Die Schule bedeutete mir nichts, nicht das Geringste. Ich ging regelmäßig hin, das ja, setzte mich an meinen Platz, öffnete die Bücher und schrieb in die Hefte. ... Ein Lieblingsfach hatte ich nie, meine Lieblingsuhrzeit war dafür der Moment, in dem der Schultag zu Ende war. Ich war kein beispielhafter Schüler, aber ein gutes Beispiel dafür, was man unter einem Schüler versteht. (Maria Jose Ferrada - Der Plakatwächter)
Es sind kleine Weisheiten wie diese, die das Buch so liebenswert machen und dem gleich am Anfang ein Motto vorangestellt ist:
Gegen alles bessere Wissen wollte ich Glück. (Maria Jose Ferrada - Der Plakatwächter)
Dieses Zitat aus Günter Grass‘ die Blechtrommel findet sich statt eines Vorworts auf den ersten Seiten des Romans. Eine Hommage an den berühmten deutschen Autor. Auch Ferradas Geschichte trägt wie Grass‘ Blechtrommel, deutliche Züge eines Schelmenromans. Ramon, der Held, kommt aus einer sozial schlechter gestellten Arbeiterschicht, ist vermeintlich ungebildet, aber trotzdem auf seine Art schlau und thematisiert allein durch sein Dasein, die Missstände der Gesellschaft.
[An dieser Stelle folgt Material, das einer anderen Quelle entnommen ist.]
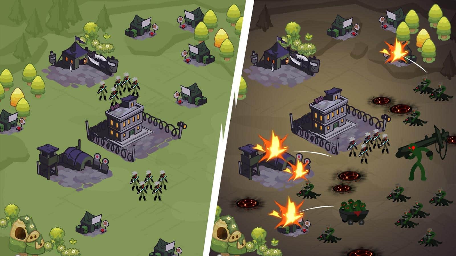 Stick World Z: Zombi Savaşı TD - Karanlık krallığınızı sardı ve karanlıktan bir canavar ordusu çıkıyor. Göreviniz, topraklarınızı korumak ve düşmanın saldırısını püskürtmek! Stickman'ların efsanevi savunucusu olmaya hazır mısınız? Etkili yerlerde kuleler inşa ederek geçilmez bir savunma hattı oluşturun ve artan tehditlerle başa çıkmak için kulelerinizi sürekli olarak geliştirin. Gündüz kaynak toplayın, savunmanızı güçlendirin ve stratejinizi oluşturun, gece ise düşman güçlendiğinde şiddetli saldırılara hazırlanın.

Von hier oben zeigte das Leben einem seine durchsichtigen Fäden. Manchmal war es schön, ihrem Hin und Her zuzusehen, manchmal war es aber auch besser, die Augen so fest zuzukneifen, dass kein einziger Lichtstrahl hindurchdrang. »Ist es nicht traurig, immer allein hier oben zu sitzen «, fragte ich irgendwann bedrückt. »Nein.« Durch seine Einsilbigkeit zwang Ramón mich, selbst eine Antwort auf meine Fragen zu finden. In diesem Fall lautete sie mehr oder weniger so: Egal, ob man ein Kind oder ein klappriger Alter war, unten war man nicht weniger allein als hier oben. (Maria Jose Ferrada - Der Plakatwächter)
Ein Kind hält den Erwachsenen den Spiegel vor
Wie in ihrem Vorgängerroman »Kramp« hält auch in Ferradas aktuellem Buch ein Kind den merkwürdigen Erwachsenen um sich herum einen Spiegel vor. Dieses Mal zusammen mit einem schweigsamen Plakatwächter. Der Eremit auf dem Gerüst“, oder auch „Fool on the hill“. Über den sich die Bewohner der Siedlung mehr und mehr aufregen, weil er mit seinem unkonventionellen Wohnen, angeblich die Ordnung störe. Bis am Ende wirklich etwas Schlimmes passiert.
In „Der Plakatwächter“ erzählt ein kluges Kind von der Dummheit der Erwachsenenwelt – traurig, heiter, herzergreifend.